If the sky that we look upon
Should tumble and fall
And the mountain should crumble to the sea

Ben E. King – Stand by me | 1962

Споры о возникновении вселенной это всегда забавное упражнение в собственной уверенности в том, что нельзя ни доказать, ни опровергнуть. Вот отсюда и возникает утверждение, мол когда-то вселенной попросту не существовало, а потом она-де непонятным образом возникла из этого вездесущего таинственного «Ничего» не то по прихоти очередного бога-демиурга, страдающего манией величия, но у каждого своего, не то в результате необъяснимых ничем, кроме фантазий и предположений, изрядно приправленных всезнающей наукой, химических, физических и еще бог весть каких процессов, не то потому что на Землю прибыли пришельцы из космоса, и породили здесь жизнь, по им одним известным причинам.
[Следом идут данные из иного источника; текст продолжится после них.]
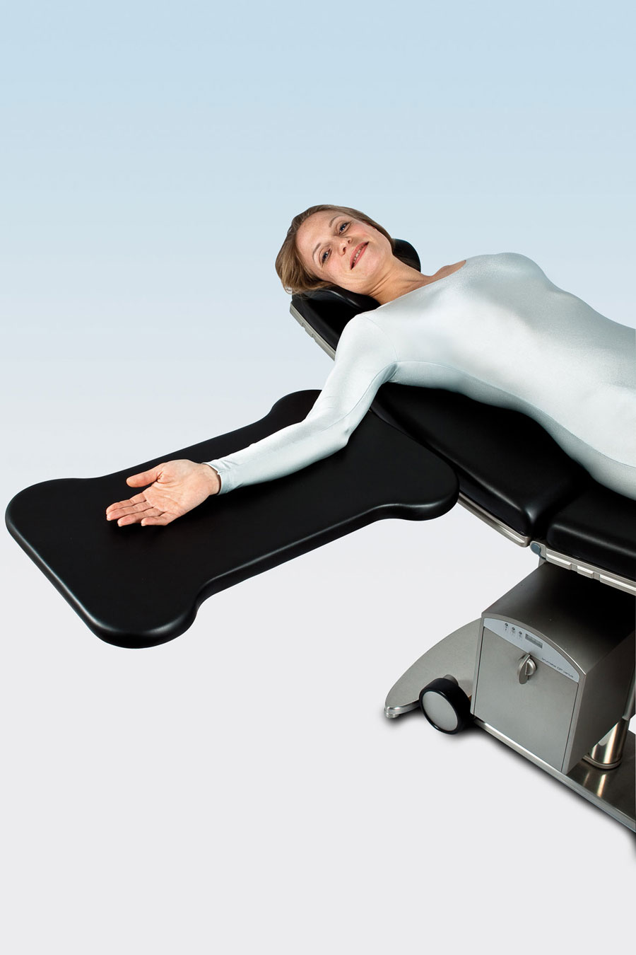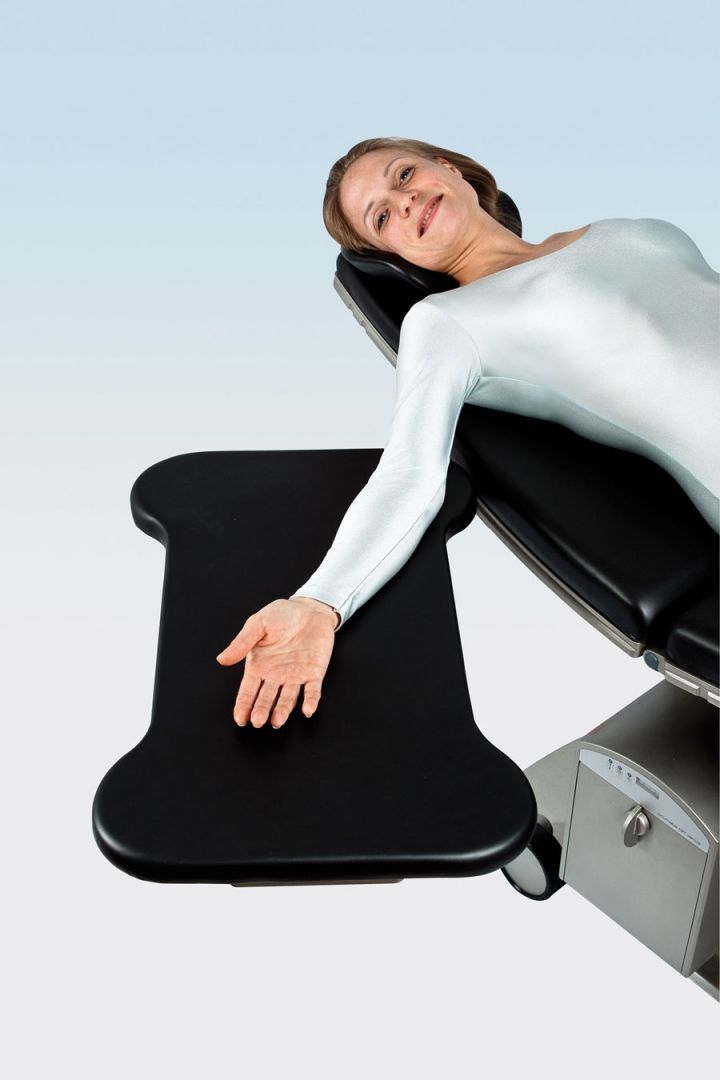 Для правильного, с точки зрения эргономичности, положения рук пациента мы разработали рабочую поверхность с мягкой обивкой и возможностью проведения рентгена. Шаровый шарнир дает возможность разнообразной регулировки, наличие выемок обеспечивает хирургу максимально близкий доступ к пациенту. Крепится при помощи специальных крючков непосредственно на хирургический стол, установка опорных ножек не требуется.

В конце же концов никто и никогда не сможет ответить на вопрос, который и сформулировать-то сложно, задать не с руки, дать себе отчет в том, что ты его осознаешь в полной мере, все это невозможно. Так чего ради это «Ничего» сменилось появлением мироздания, сама идея которого не могла появиться просто так, ниоткуда, случайно, даже если предположить, что «Ничего» оно и есть ничего. А кто опять-таки создал это «Ничего»?

Не могу сказать, что это меня очень-то уж и волновало, когда главным было ощущение, что я именно там, – в кромешной тьме пресловутости этого «Ничего», где ты начинаешь не верить в его существование вопреки какой-то смутной осязаемости и не меньше, чем в свое. Мне было уже все равно, хотя осознание приближающейся смерти это не только животный, ничем не сдерживаемый страх, но и одновременно ожидание ответов на все вопросы, если, конечно, есть обещанная «жизнь после смерти», и, если кто-то вообще собирается эти ответы давать. Если у этого кого-то они вообще есть. Если они мне вообще нужны сейчас, когда я перестал что-либо воспринимать вообще.

Я что-то чувствовал нутром, что-то смутное, призрачное, иллюзорное, и вряд ли это была всего лишь простая несуразная смерть. Но плохо, когда нет объяснений, ответов, людей, да хотя бы завалящего апостола Петра, который тихонько проводил бы меня в рай, ну или, в крайнем случае, махнул бы ручкой за грехи, которые я не успел еще даже осознать, да подтолкнул бы к краю небес. А что? Я же люблю летать. И определенность мне, очевидно, тоже нравится. И последний полет я так и приближал своими же суевериями, достойными homo erectus и прочих личностей из тех прекрасных в своей наивности и чистоте времен.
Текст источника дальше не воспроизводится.